### The task
Nothing outside the lines below from the one containing "Szef świętokrzyskich policjantów" through the one containing "٣. علوان، عن" is to be printed; print those exactly, ends included, and drop the pictures.

START Data in this exercise

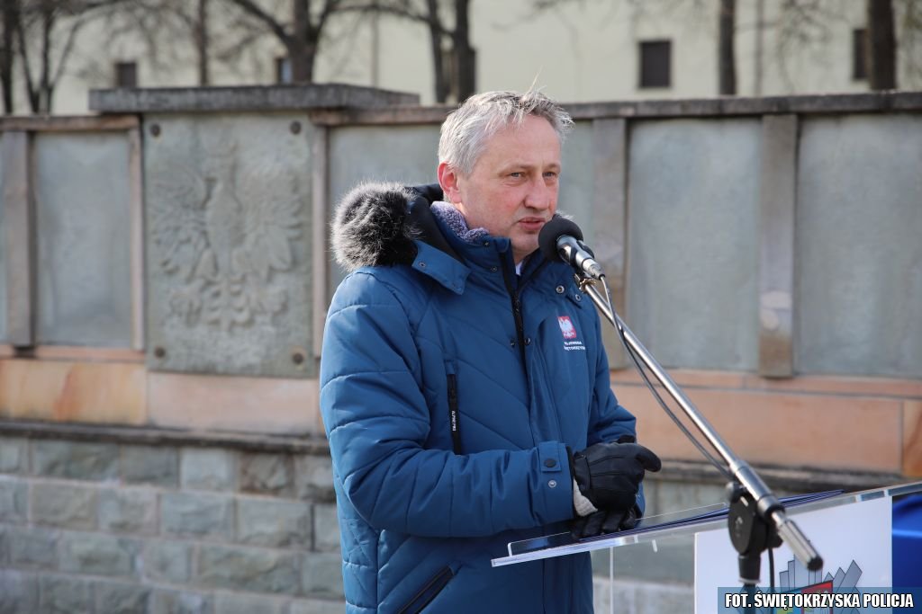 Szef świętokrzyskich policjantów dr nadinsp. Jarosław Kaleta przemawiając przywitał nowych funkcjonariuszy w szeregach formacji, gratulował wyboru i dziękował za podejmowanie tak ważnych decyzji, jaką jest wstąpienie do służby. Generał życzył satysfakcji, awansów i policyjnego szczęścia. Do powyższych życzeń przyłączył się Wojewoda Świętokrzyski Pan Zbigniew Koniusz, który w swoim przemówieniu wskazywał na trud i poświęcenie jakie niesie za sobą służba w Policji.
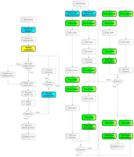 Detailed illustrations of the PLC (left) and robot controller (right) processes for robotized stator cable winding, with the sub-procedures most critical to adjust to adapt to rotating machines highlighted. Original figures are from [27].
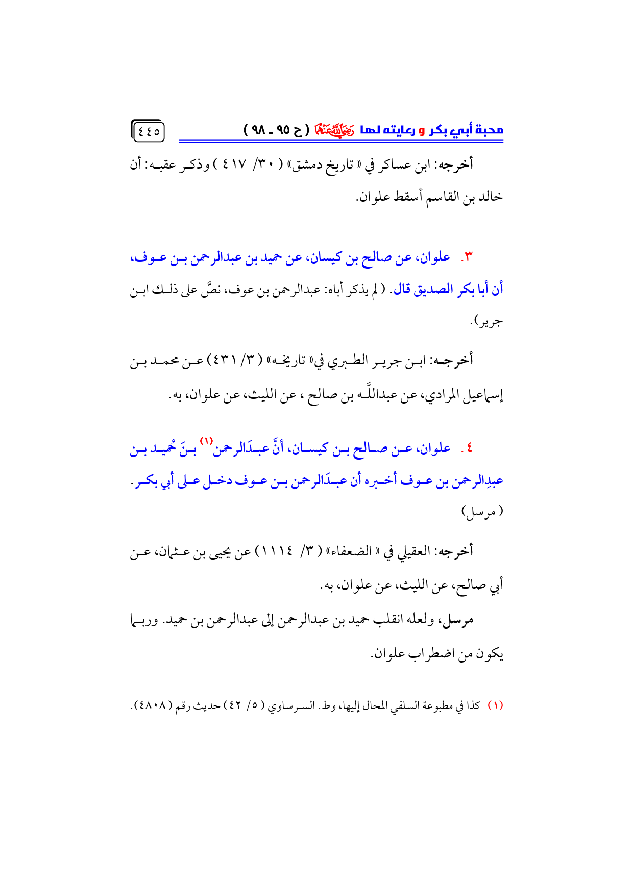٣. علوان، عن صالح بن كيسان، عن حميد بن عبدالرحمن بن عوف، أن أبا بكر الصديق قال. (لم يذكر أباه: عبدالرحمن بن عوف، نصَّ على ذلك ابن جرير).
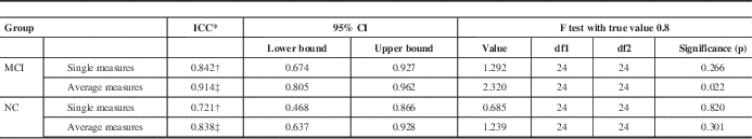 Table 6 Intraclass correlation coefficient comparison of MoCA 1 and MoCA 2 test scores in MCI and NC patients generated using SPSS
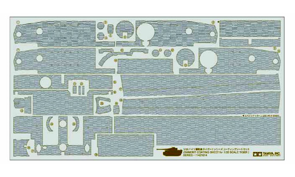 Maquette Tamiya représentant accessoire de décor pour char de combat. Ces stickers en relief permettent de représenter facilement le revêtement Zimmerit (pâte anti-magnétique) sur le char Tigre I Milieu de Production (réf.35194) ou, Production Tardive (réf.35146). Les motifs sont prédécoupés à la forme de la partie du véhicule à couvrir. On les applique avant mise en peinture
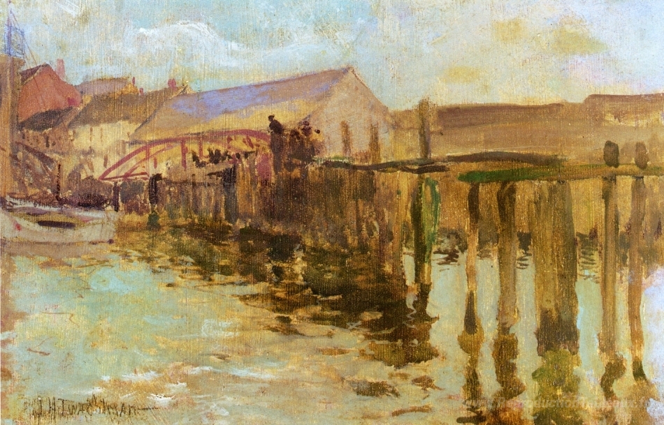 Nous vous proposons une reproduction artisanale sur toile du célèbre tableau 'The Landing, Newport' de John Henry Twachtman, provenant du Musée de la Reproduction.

END Data in this exercise
START Data in this exercise

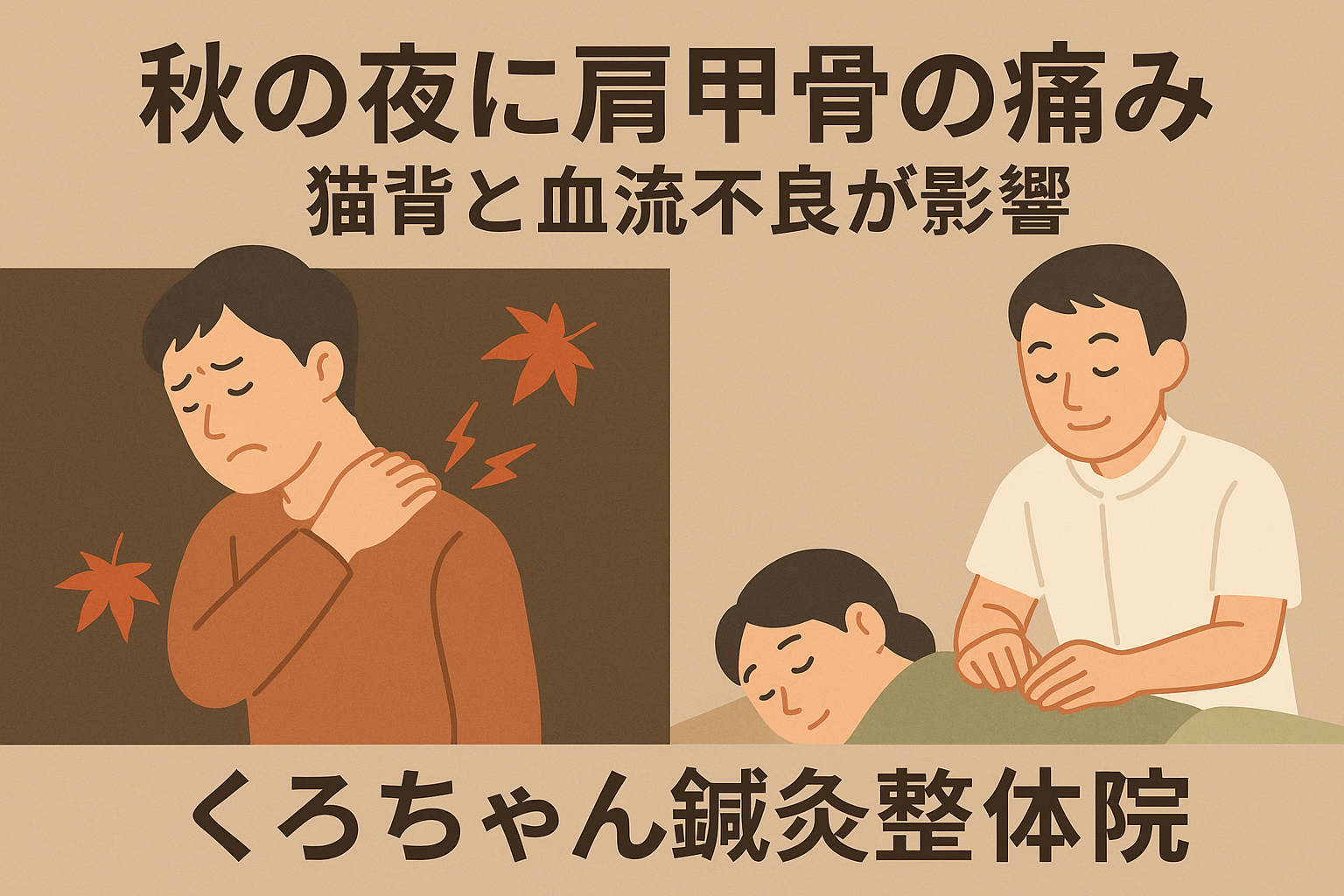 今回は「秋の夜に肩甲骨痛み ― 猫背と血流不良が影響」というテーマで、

END Data in this exercise

### Expected answer
 Szef świętokrzyskich policjantów dr nadinsp. Jarosław Kaleta przemawiając przywitał nowych funkcjonariuszy w szeregach formacji, gratulował wyboru i dziękował za podejmowanie tak ważnych decyzji, jaką jest wstąpienie do służby. Generał życzył satysfakcji, awansów i policyjnego szczęścia. Do powyższych życzeń przyłączył się Wojewoda Świętokrzyski Pan Zbigniew Koniusz, który w swoim przemówieniu wskazywał na trud i poświęcenie jakie niesie za sobą służba w Policji.
 Detailed illustrations of the PLC (left) and robot controller (right) processes for robotized stator cable winding, with the sub-procedures most critical to adjust to adapt to rotating machines highlighted. Original figures are from [27].
٣. علوان، عن صالح بن كيسان، عن حميد بن عبدالرحمن بن عوف، أن أبا بكر الصديق قال. (لم يذكر أباه: عبدالرحمن بن عوف، نصَّ على ذلك ابن جرير).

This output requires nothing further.